→ **Activity**:
Each line in the material below, starting at the one that contains "E para minha" and ending at the one that contains "而本次合作,匯聚了多方行業巨", should be repeated exactly; the pictures should not.

→ **Dataset records**:

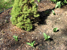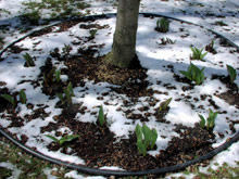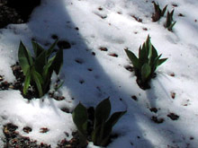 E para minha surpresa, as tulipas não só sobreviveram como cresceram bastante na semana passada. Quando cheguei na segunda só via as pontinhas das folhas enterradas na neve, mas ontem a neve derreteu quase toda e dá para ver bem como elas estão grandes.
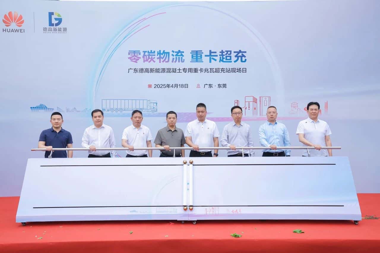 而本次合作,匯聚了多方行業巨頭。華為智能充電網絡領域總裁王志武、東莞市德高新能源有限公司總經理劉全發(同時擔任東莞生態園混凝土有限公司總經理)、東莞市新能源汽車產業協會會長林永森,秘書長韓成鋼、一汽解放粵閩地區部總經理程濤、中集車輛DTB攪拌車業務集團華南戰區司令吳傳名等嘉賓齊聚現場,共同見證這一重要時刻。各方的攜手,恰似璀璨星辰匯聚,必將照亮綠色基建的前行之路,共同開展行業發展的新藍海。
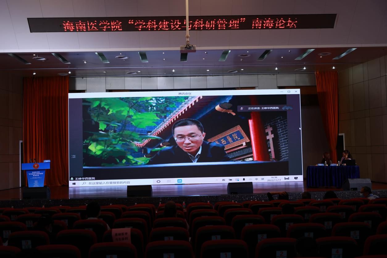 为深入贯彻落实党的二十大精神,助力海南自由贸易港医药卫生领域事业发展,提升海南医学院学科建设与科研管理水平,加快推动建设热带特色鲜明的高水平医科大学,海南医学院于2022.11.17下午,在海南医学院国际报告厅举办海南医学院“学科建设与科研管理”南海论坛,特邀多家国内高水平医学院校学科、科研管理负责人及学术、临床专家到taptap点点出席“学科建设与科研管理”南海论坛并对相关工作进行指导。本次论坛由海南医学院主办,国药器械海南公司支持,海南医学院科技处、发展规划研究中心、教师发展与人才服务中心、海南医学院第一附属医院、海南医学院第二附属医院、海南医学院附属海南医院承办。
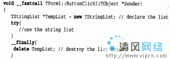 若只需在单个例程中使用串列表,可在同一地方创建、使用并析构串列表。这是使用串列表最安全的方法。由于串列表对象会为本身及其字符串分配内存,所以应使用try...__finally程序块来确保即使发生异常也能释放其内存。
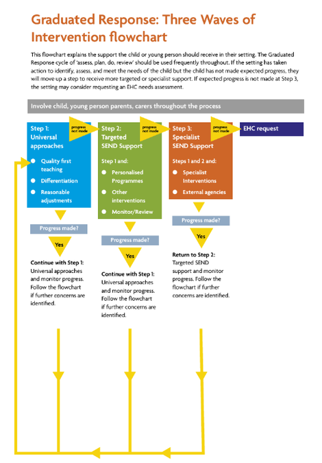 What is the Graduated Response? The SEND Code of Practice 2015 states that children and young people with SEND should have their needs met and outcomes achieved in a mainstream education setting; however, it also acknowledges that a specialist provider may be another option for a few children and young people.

* * *

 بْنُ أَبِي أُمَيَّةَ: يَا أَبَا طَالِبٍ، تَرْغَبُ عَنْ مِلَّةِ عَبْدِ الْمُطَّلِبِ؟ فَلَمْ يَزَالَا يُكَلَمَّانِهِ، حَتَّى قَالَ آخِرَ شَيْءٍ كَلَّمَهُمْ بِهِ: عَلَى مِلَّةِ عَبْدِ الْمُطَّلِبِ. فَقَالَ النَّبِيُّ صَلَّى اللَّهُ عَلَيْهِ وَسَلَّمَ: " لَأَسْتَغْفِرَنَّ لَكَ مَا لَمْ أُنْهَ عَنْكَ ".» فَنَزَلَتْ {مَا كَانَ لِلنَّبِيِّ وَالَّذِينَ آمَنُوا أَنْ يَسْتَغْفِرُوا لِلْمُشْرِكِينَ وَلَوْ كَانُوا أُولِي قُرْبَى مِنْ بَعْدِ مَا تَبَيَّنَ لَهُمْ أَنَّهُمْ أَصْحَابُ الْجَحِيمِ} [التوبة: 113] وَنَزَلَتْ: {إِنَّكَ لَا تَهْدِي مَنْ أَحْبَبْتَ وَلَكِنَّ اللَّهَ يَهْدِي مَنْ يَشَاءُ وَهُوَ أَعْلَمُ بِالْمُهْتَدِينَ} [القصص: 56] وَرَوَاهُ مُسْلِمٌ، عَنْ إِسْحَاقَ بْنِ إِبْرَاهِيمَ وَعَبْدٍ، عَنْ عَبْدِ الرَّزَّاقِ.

→ **Solution**:
 E para minha surpresa, as tulipas não só sobreviveram como cresceram bastante na semana passada. Quando cheguei na segunda só via as pontinhas das folhas enterradas na neve, mas ontem a neve derreteu quase toda e dá para ver bem como elas estão grandes.
 而本次合作,匯聚了多方行業巨頭。華為智能充電網絡領域總裁王志武、東莞市德高新能源有限公司總經理劉全發(同時擔任東莞生態園混凝土有限公司總經理)、東莞市新能源汽車產業協會會長林永森,秘書長韓成鋼、一汽解放粵閩地區部總經理程濤、中集車輛DTB攪拌車業務集團華南戰區司令吳傳名等嘉賓齊聚現場,共同見證這一重要時刻。各方的攜手,恰似璀璨星辰匯聚,必將照亮綠色基建的前行之路,共同開展行業發展的新藍海。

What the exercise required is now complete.